1. ホーム
  2. 才教ダイアリー
  3. 2022年度
  4. 『1枚のメッセージカード』

才教ダイアリー

『1枚のメッセージカード』

投稿日:2023.03.24

 3月16日の終業式をもって、才教学園小学校・中学校は、令和4年度の学校生活を無事に終えることができました。本年度も、保護者の方々をはじめ、多くの方々のお支えのお蔭で、子ども達は多くの思い出を作り、仲間との絆をより深め、成長を遂げることができました。
 この場をお借りして、お支え頂きました全ての皆様に御礼と感謝を申し上げます。


 終業式に先立つ3月15日には卒業式が挙行され、38名の才教生が立派に巣立っていきました。彼らが1年生として入学してから9年間、共に才教の学び舎で過ごした数々の思い出が胸をよぎり、堂々とした彼らの姿に、私は溢れる涙を抑えることができませんでした。
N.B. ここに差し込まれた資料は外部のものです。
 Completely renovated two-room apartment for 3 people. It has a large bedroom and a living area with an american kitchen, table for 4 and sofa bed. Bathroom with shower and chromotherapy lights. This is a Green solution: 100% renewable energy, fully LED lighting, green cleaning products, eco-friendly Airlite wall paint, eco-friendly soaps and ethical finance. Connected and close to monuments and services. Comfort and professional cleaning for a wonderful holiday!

 今、校長室の私の机の上には、卒業生の1人がプレゼントしてくれた写真付きのメッセージカードが飾られています。卒業前に彼と一緒に校長室で撮った写真に、感謝の言葉が綴られているものです。その中で彼は、以前私が校長講話の中で残したある言葉が心に刻まれ続けていると書き記してくれました。その言葉とは・・・


「努力より他に未来をよくするものはなく、努力より他に過去を美しくするものはない」


 これは、『五重塔』『運命』などの作品で有名な小説家・幸田露伴が語った言葉です。私は、毎年、才教学園の三大行事であるさいきょう祭後の全校集会で、子ども達にこの言葉を贈り続けてきました。さいきょう祭を成功に導いたその努力を讃えるとともに、その努力を日々の生活に活かし継続することが、未来だけではなく過去をも光り輝かせるとの思いを込め、「今」という時間の大切さを子どもたちに伝えるがためにです。
 担任や教科の先生方と比べ、校長が子ども達に直接語りかける時間や言葉は限られてはいますが、そんな中でも、卒業生の彼がその言葉を真摯に受け止め心に刻んでくれたことを知り、驚きと「ありがたいなぁ」という言いようのない温かい気持ちに包まれました。
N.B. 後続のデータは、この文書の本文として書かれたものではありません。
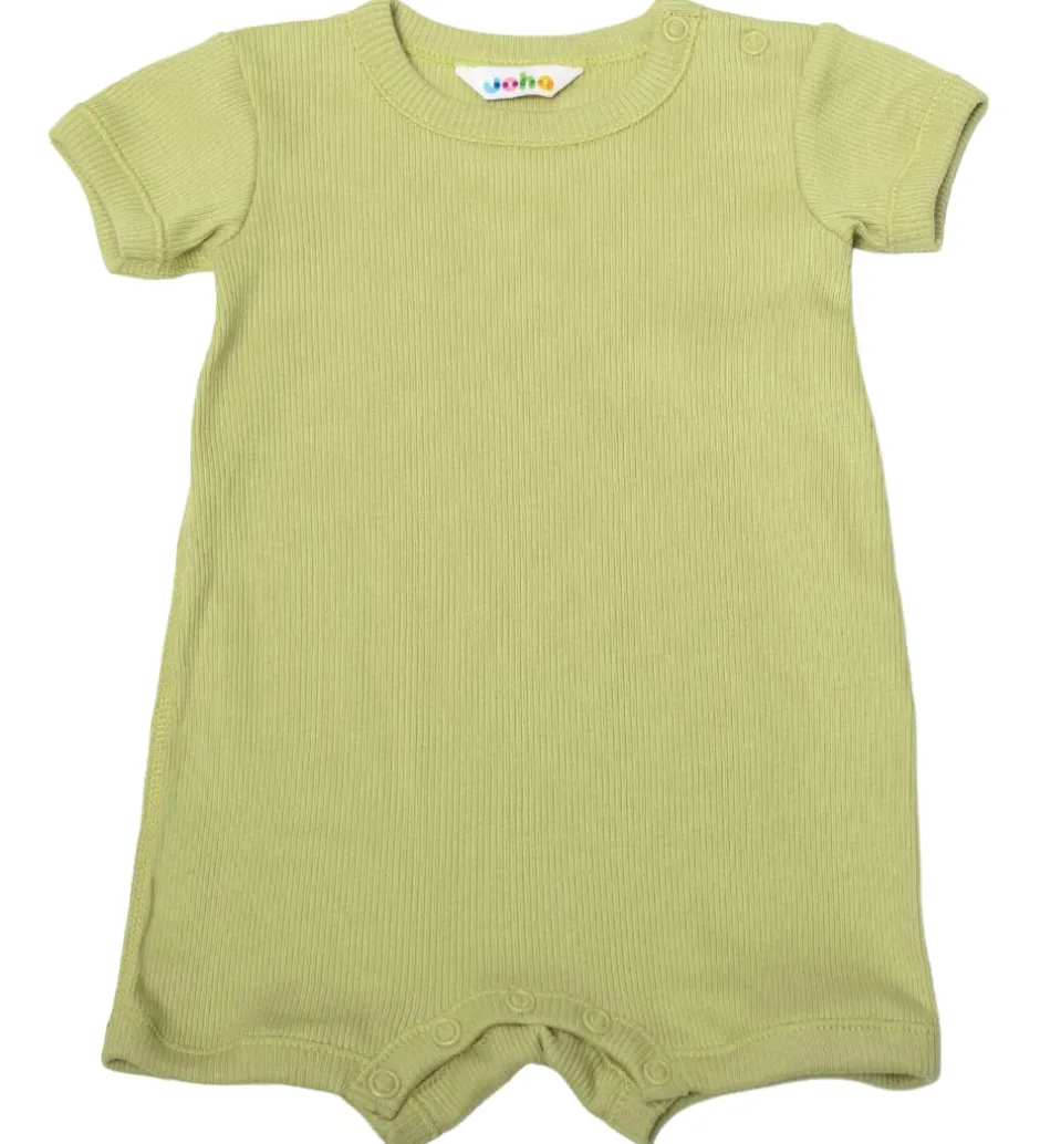 Joha sommerdragten har korte ærmer og helt korte ben, og den har smalle ribkanter i alle åbninger. Sommerdragten åbnes ved den venstre skulder med to trykknapper, og den kan åbnes helt op mellem benene med trykknapper.

 これからも、校長として、1人でも多くの卒業生に響くような言葉やメッセージを発信できるように、私自身もさらに見識を深め、子ども達とのつながりを強め、共に汗と涙を流し、才教学園での日々を大切に過ごしていきたいと、改めて思った次第です。



 春期の休みは、特別な講習などもなく、学校では子どもたちのいない静かな時間がゆっくりと流れています。
 そのような流れの中にそろそろ寂しさを感じており、4月に元気いっぱいの笑顔が戻ってくる日を今から心待ちにしています。
 来年度はコロナ感染防止対策も緩和され、多くの学校生活が通常を取り戻していくことでしょう。子ども達の更なる飛躍を夢見て、期待に胸を膨らませながら、春の到来を、そして子ども達との再会を楽しみにしています。